What area do you cover?

We cover predominantly within 30 miles of the Buffalo area. That would be on-scenes, such as motor vehicle accidents, falls down into gorges, ATV accidents, snowmobile accidents, skiing accidents. The nice thing about having bases in Batavia and Olean is that if we're out and another call comes in, they can come out this way to cover. It's coverage 24 hours a day through all eight counties of Western New York.

You don't get involved in the medical aspect of it?

I don't, and not only that, the pilot is not told anything about the patient if he has to make a weather decision. I'm just asked, "Can you go from here to there?" because you don't want to get into the mind-set, "I have to go save that person." You don't want to push the limits. I learned early in my career that it's a poor trade to trade three or four people for one.

You have to be able to make that decision, even after you get the patient on board. If the weather deteriorates or conditions are getting to the point where you feel uncomfortable, you land the aircraft and the patient can go by ground. No one's ever going to yell at you for doing that.

What's the strangest place you ever landed?

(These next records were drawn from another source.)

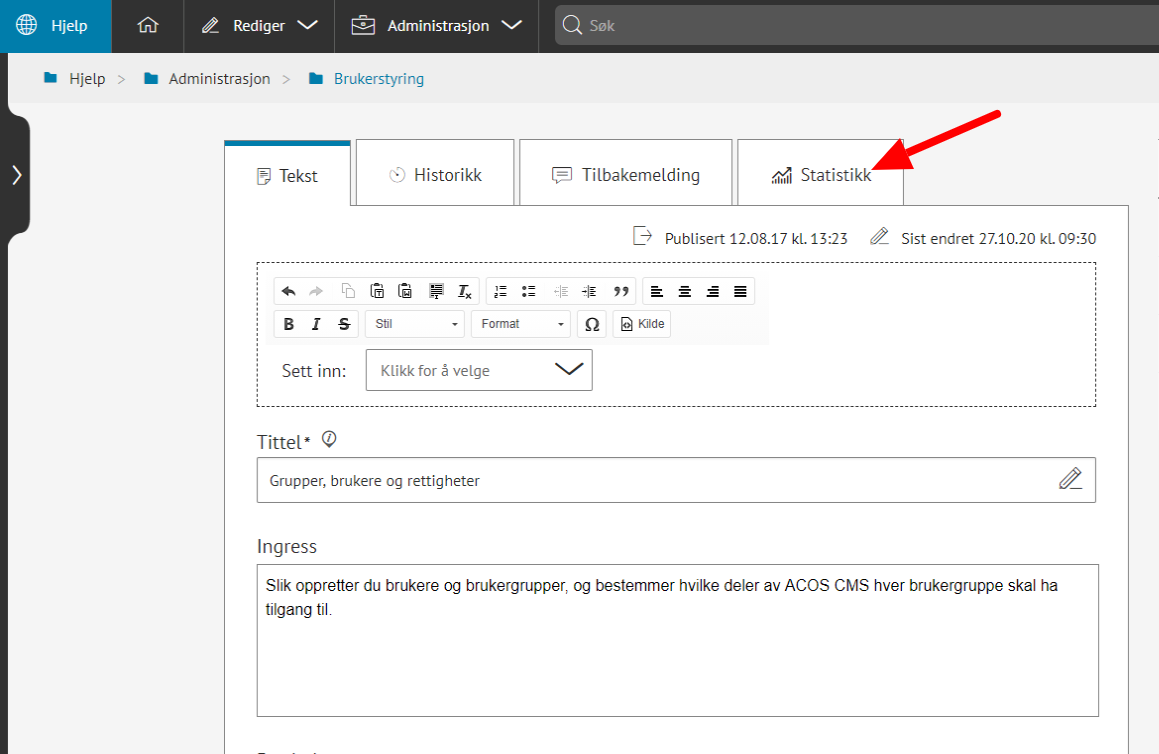 - Valg for å velge å se statistikk for et bestemt menypunkt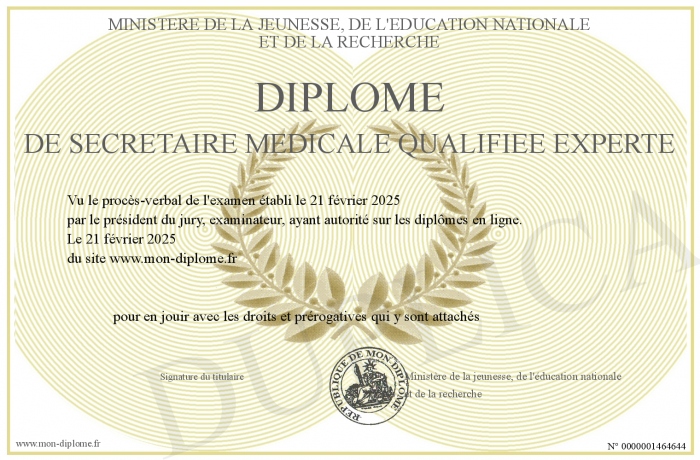 Envoyez par email votre Diplôme de Secrétaire Médicale Qualifiée Experte personalisé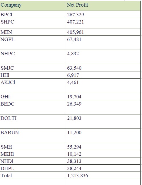 हाइड्रोपावरको चौथौ त्रैमासको वित्तिय विवरणः सानिमा माई मुनाफामा अगाडि, ६ वटा कम्पनीको खुद नाफा ऋणात्मक (सूची सहित )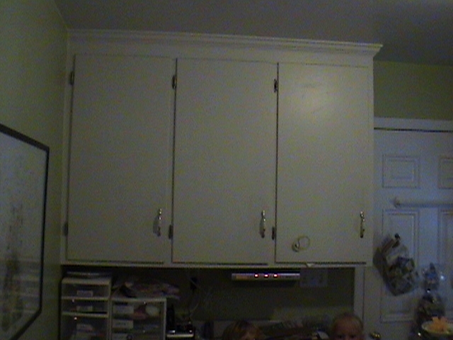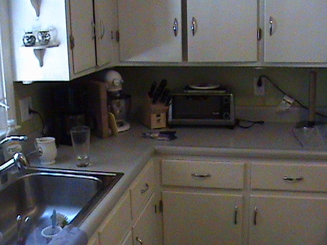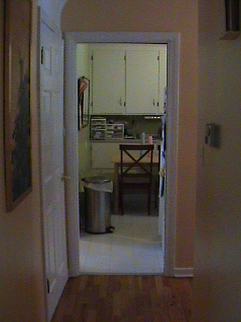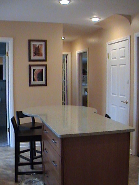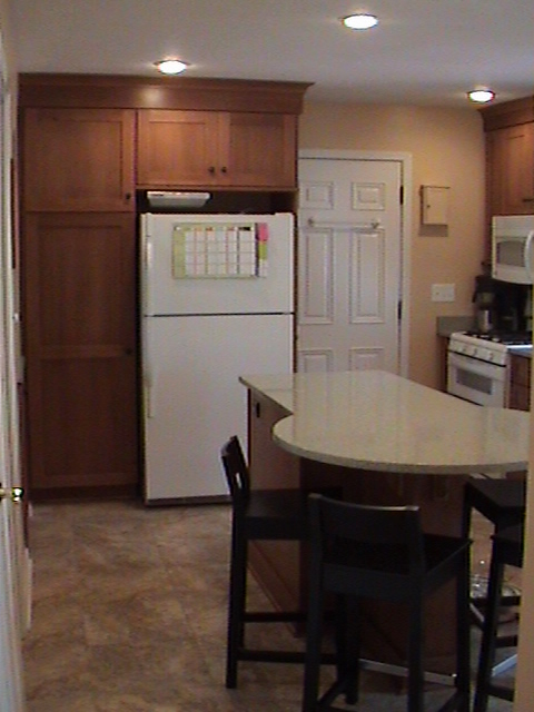 The new kitchen featured Decora Cabinets with a cherry finish. The cabinets were accented with granite counter tops. A major highlight of the kitchen was the central island which provided for bar seating and extra cabinet space that was lost with the removal of the hallway wall. Another cabinet was added under the cased archway with access from both the kitchen and dining room. The relocated refrigerator was surrounded by a large pantry cabinet and upper wall cabinets. The kitchen floor consisted of 13" vinyl tiles. The new appliances included a dishwasher, range, and microwave.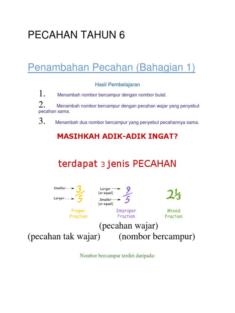 Latihan Pecahan Tahun 6 Operasi Darab Bahagi Pdf Document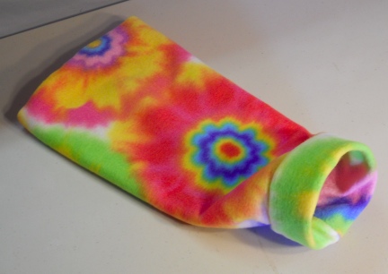 It is made with a Tye Dye Flower Power Print Polar Fleece with a plastic ring to keep the front open. The front has about a 5" diameter and is approx. 16" long.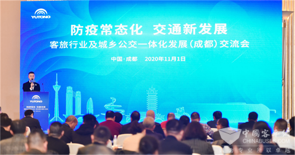 2020年11月1日,以“防疫常态化 交通新发展”为主题的客旅行业及城乡公交一体化发展交流会在“蓉城”成都开幕,本次活动由宇通客车携手交通运输部科学研究院联合举办,来自行业管理部门、公交客运企业、运输装备制造企业的代表及业内专家等150余人齐聚一堂,共同为行业转型、可持续发展献计献策。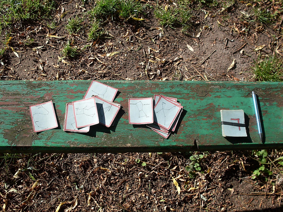 Závod souhvězdí se docela vydařil, ačkoliv jsem ho nijak nepromýšlel. Při zaznění názvu vbíhají do kruhu tři hledači. Ten, který si myslí, že našel, mi kartičku ukáže. Pokud má pravdu, získává pro družinu dva body. Ostatní dva hráči berou jiné souhvězdí o němž si myslí, že ho družina na závěr správně určí. Rysové dva body, Lišáci šest, Vydry třináct.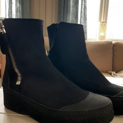 Nude of Scandinavia vinterstøvler i størrelse 39. Støvlene er i svart materiale med grov, brun yttersåle og lys mellomsåle. De har glidelås foran for enkel av- og påtaking. Innvendig er de fôret med mykt, lyst fôr som gir ekstra varme. Overdelen er middels høy og dekker ankelen godt. Egnet som varme vinterstøvler til hverdagsbruk i kaldt vær.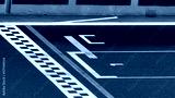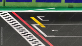The finish line of a racing track with the number one written on the asphalt , symbol of the goal to reach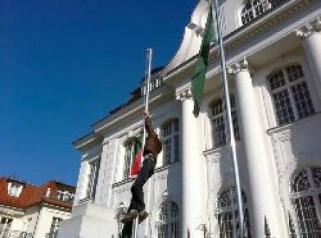 Pretending to be pro-Qaddafi supporters, two protesters entered the diplomatic compound and tore down the official flag of Libya, replacing it with the old royal flag of Libya amid cheers by dozens of pro-democracy demonstrators who had gathered outside the embassy in Berlin's upscale Dahlem district.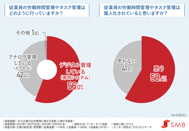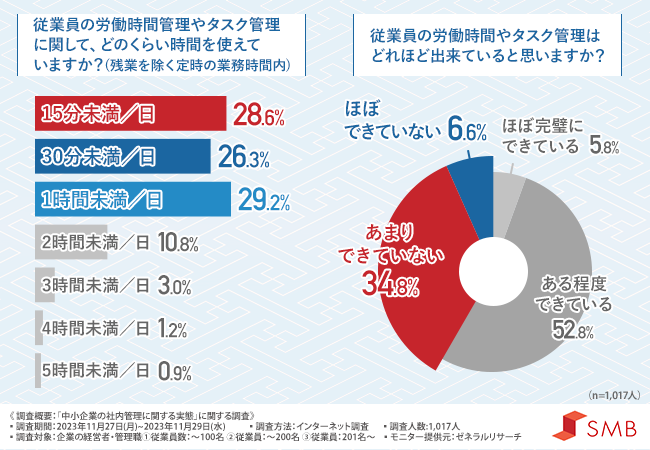 中小企業の経営者・管理職の方の4割以上が、従業員の労働時間やタスク管理ができていないことが明らかになりました。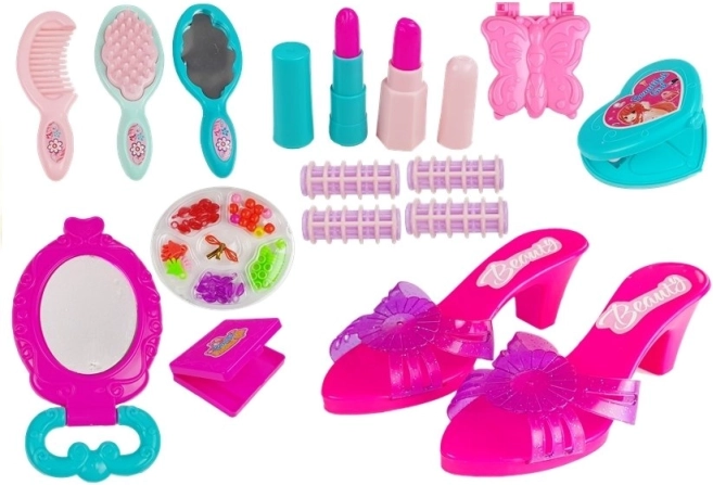 Prisrčen otroški set v praktičnem kovčku bo razveselil vsako malo lepotičko. V notranjosti najde rožnate sandale s peto, krtačo in glavnik, ogledalce, navijalke, perlice za izdelavo nakita in imitacije šmink. Lahek kovček z preglednim shranjevalnim prostorom in enostavnim zapiranjem je idealen za potovanja in shranjevanje vseh dodatkov.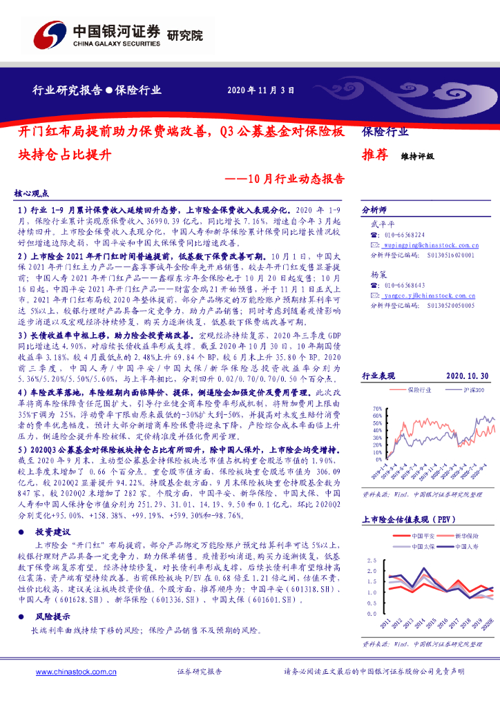 中国银河:保险行业10月行业动态报告:开门红布局提前助力保费端改善,Q3公募基金对保险板块持仓占比提升.pdf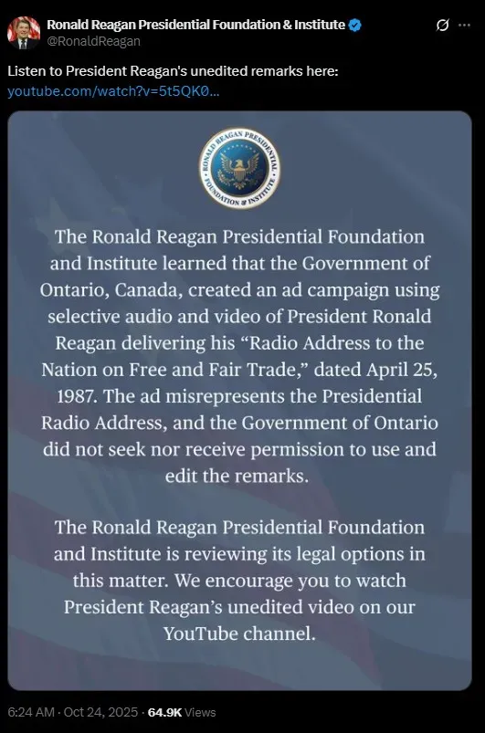 The Ronald Reagan Presidential Foundation and Institute, in a post on X, said the ad misrepresents a presidential radio address Reagan delivered in April 1987 and that his remarks were edited without its permission. The entity added that it was “reviewing its legal options in this matter.”

We were coming up from Olean one year in July, bringing a baby up, and there was a line of thunderstorms, and we hit right around the Arcade-Yorkshire area and a lightning bolt came down and all I saw was white in front of me. So we looked over toward Springville and Springville was clear, but then we headed that way and that closed off, so the Pizza Hut right there at [Route] 16 and 39 -- we landed in that parking lot. We had called for the local volunteer fire company ambulance, they got the patient, and the team went on up toward East Aurora, and my medic and I, we went in and had a pizza. We waited for everything to clear, and then we flew back.

But we've landed on the Thruway, I've been down in Zoar Valley gorge, the Niagara Gorge.

Does anybody ever come back to thank you?

We have had people come back. A lot of them don't remember, and they come back to look at the helicopter and see what they were in. That's always a good feeling.